Car Rust Proofing at Home

Rust proofing your car at home is possible. In the words of singer Tom Petty, “If you don’t run, you rust.” Unfortunately, cars and trucks rust no matter what you do with them. In addition to the oxygen-rich atmosphere, they’re exposed to rain, which accelerates oxidation. And while road salt makes winter driving safer, it also accelerates rust, as salt’s electrolyte properties speed up oxidation. What’s more, exhaust systems rust faster when exposed to high heat. The good news is that you can rust proof your car at home to help it last longer.

Rust proofing your car at home is important for several reasons. No one likes to see a rusty body panel, but rust can also do far greater damage. While surface rust is an eyesore and affects your car’s resale value, significantly more hazardous rust forms in places you can’t see, like inside frame rails, inside fenders, and under carpets. Structural rust may not be noticeable until it’s too late. Indeed, hidden damage may only become apparent in a crash.
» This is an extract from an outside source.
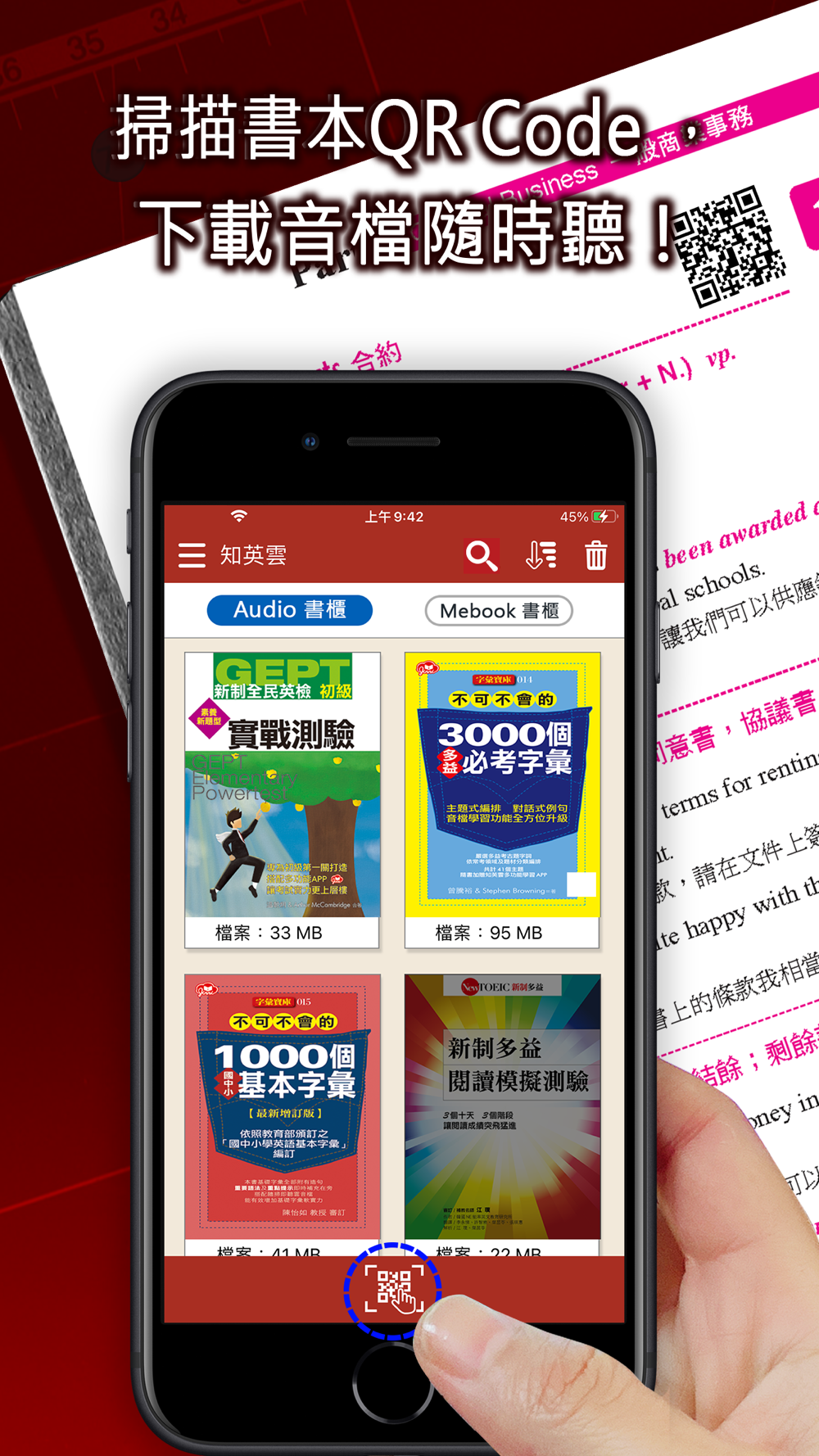 ● App 內建掃描器,掃描書本內頁QR Code ,可直接對應到書本內容,播放音檔。

Car rust proofing at home: What to do

Barring encasing your car in stainless steel or solid gold, only protective coatings can shield your vehicle from rust. Paint coatings protect body panels, suspension parts, and the engine block. A coating of oil or grease protects internal engine parts and ball joints. Undercoating protects undercarriage parts, which are exposed to abrasive dirt and sand. Protective coatings are constantly chipped away by road debris, so the only way to rust proof your car or truck is to maintain them.

Chip repair

Repair any chipped or flaking paint as soon as possible. Sand the damaged area and use acetone to clean any dust or grease. Refill the damaged area with primer, touch up the colour, and finish with clearcoat. For undercarriage parts, such as control arms or suspension members, a simple coat of rust converter primer and satin black paint is effective.


Admittedly, applying an undercoating is easier with a lift, but you can still access several critical parts by using jack stands and removing the wheels. Protect the ground with a painter’s cloth and tape off components like brake rotors and brake calipers. An undercoating, such as Dominion Sure Seal Amber Anti-Corrosion Sealer, protects your vehicle’s paint from damage. A sacrificial undercoating like this will eventually wear out and flake off, so it needs to be reapplied. Annual touch-ups are a good idea.


So-called electronic rust protection has been on the market for many years, but there is little actual proof that it works. In fact, because this type of system constantly draws on the battery, you’re more likely to end up with a dead battery than to prevent rust.

A Word on Car Rust Proofing and Undercoating

A quick online search reveals many hits for car rust proofing but few hits for rust inhibiting. Interestingly, the latter term is more accurate. When it comes to rust, the best we can expect is to slow it down. For example, automakers use galvanized steel, which resists oxidation and rust, but it’s only as good as its coating—scratches can lead to rust and eventual failure.

While automakers use rust inhibitors and protective coatings to slow rust formation, they do not last forever. Inspect your vehicle at least once a year for chipped or flaking paint, bubbles, and flaking undercoating. Check problem areas, like behind fenders and inside frame rails. Protect bare metal before rust has a chance to take hold. An annual inspection by a trusted mechanic is also a good idea, because they’ll be able to use a vehicle lift to get a better view.